A Trilogy of (Acupuncture) Terror

TAM is fast approaching, and I’ve been frantically trying to get my talks together. The theme this year is “Fighting the Fakers,” and one of my talks will be for the Science-Based Medicine Workshop on Thursday, in which I will attempt in a mere 15 minutes to explain what Science-Based Medicine is and how it can be used to combat the infiltration of quackademic medicine into medical academia. Then, the second talk will be a tag-team spectacular with Bob Blaskiewicz about Stanislaw Burzynski as an example of how some cranks skirt the edges of science-based medicine.

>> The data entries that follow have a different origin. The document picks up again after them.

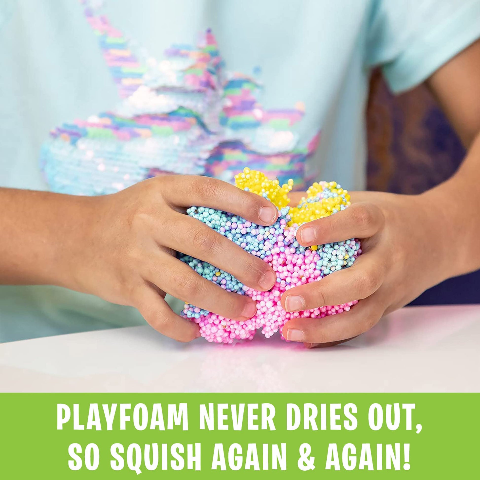 Details: Make some Playfoam magic with Playfoam Pals Unicorn Magic collectibles! Each set includes squishy, squashy, heart studded Playfoam; a mystery unicorn charm; a mystery-colored locket with surprise clip shape; a mystery decorative gem; and a collector’s guide. Pop open the rainbow to reveal the heart-studded Playfoam and the four magical Playfoam collectibles hiding inside – then use the Playfoam to create clouds, perches, and other play props perfect for pretend play fun. Non-toxic Playfoam never dries out so the fantastical fun never ends – plus its super for sensory play!
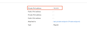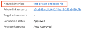 - In the Private Endpoint overview page, navigate to Network Interface. From there, you could get the Private IP address for this Private Endpoint
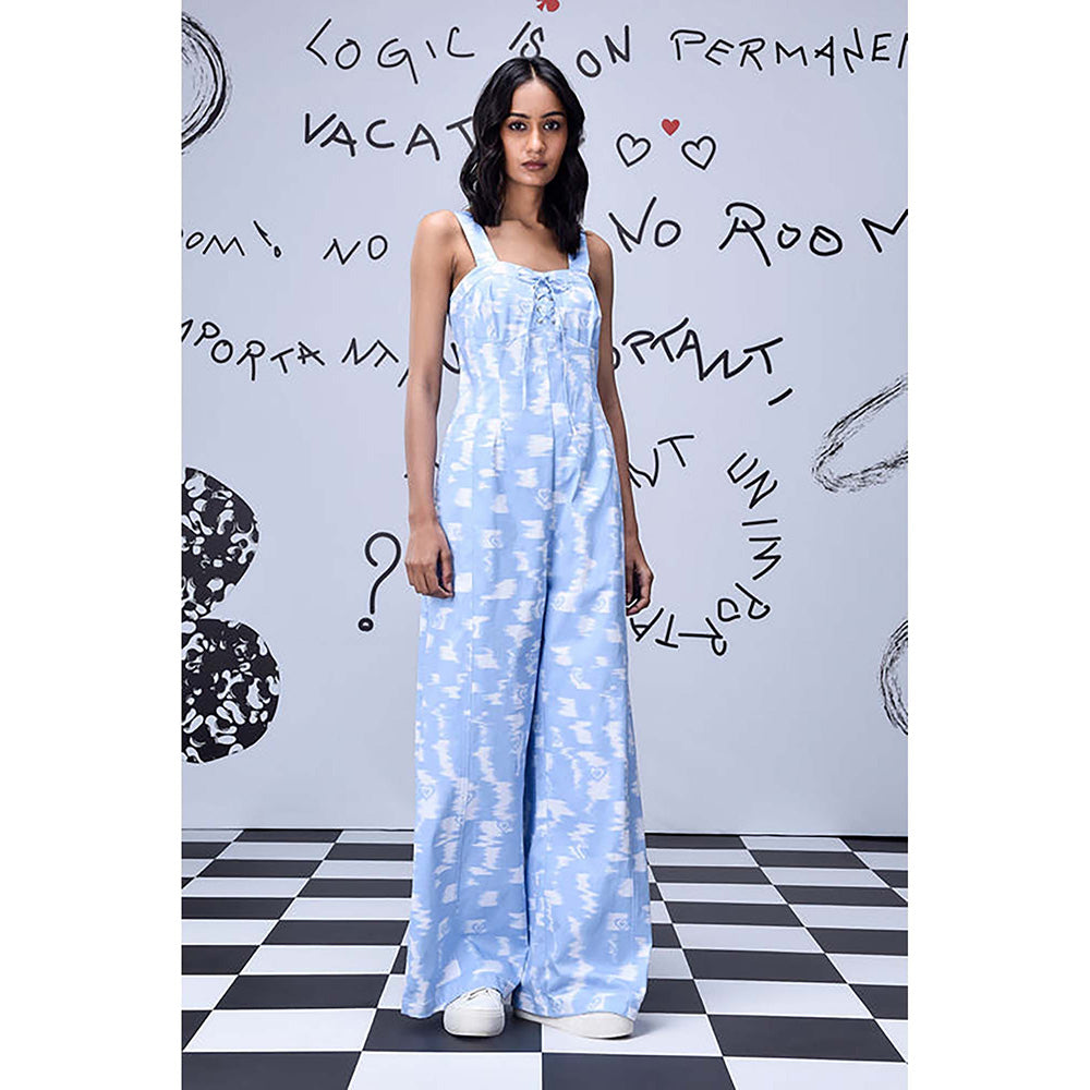 Genes Lecoanet Hemant Blue Cotton Square Neck Abstract Jumpsuits
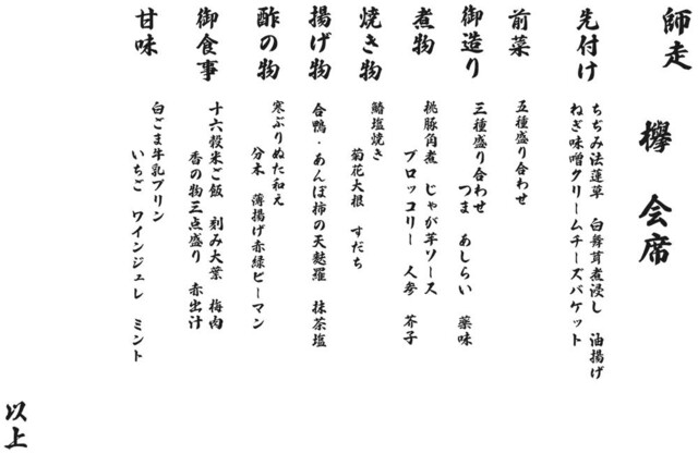 L.O. 料理14:00 ドリンク14:30
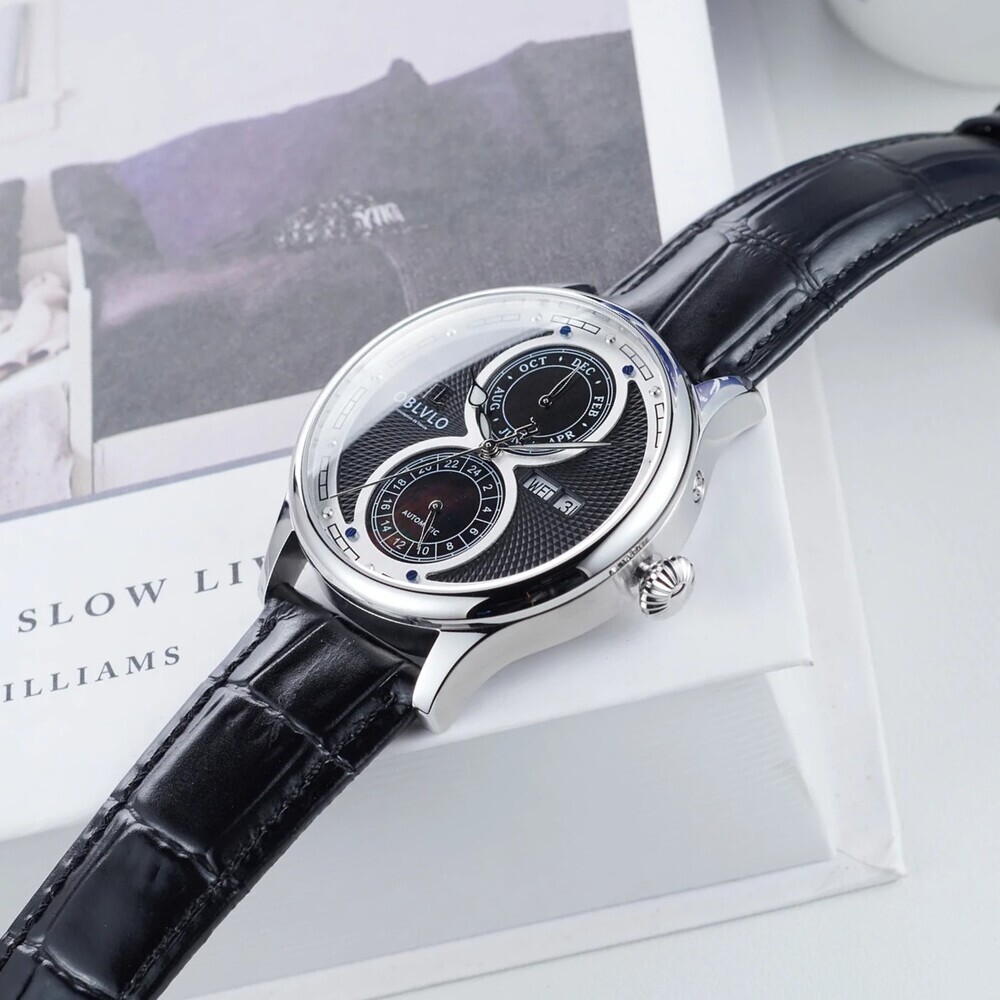 ✦精鋼與皮革的交響:經過精密打磨拋光的鋼製錶殼,其冷冽的屬感與細膩的皮革錶帶緊密貼合,勾勒出佩戴者剛毅中不失優雅的個人特質。
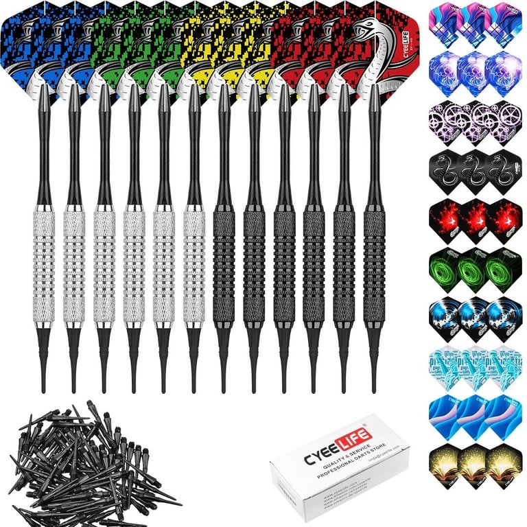 A set that includes darts, tips and spare flights. It is ideal for every active player. They are made from durable material. They have a good grip. Get this set today!

That doesn’t make them any less dangerous (if anything, it makes them more dangerous), but it does make them not as easy to identify as someone like, say, Hulda Clark.

Trilogy_of_Terror_Poster

Unfortunately, between working on these talks, revising some papers, and having an unusually busy weekend on call, I wasn’t sure what I was going to come up with for the edification of you, our readers. Fortunately, right on the 4th of July holiday, there was an article that gave me my idea, particularly given that I had noticed a couple of studies on the very subject of the article in the week leading up to the long holiday in the US (at least for people not on call). As a result, I’m half tempted to refer to this article as a trilogy of acupuncture terror.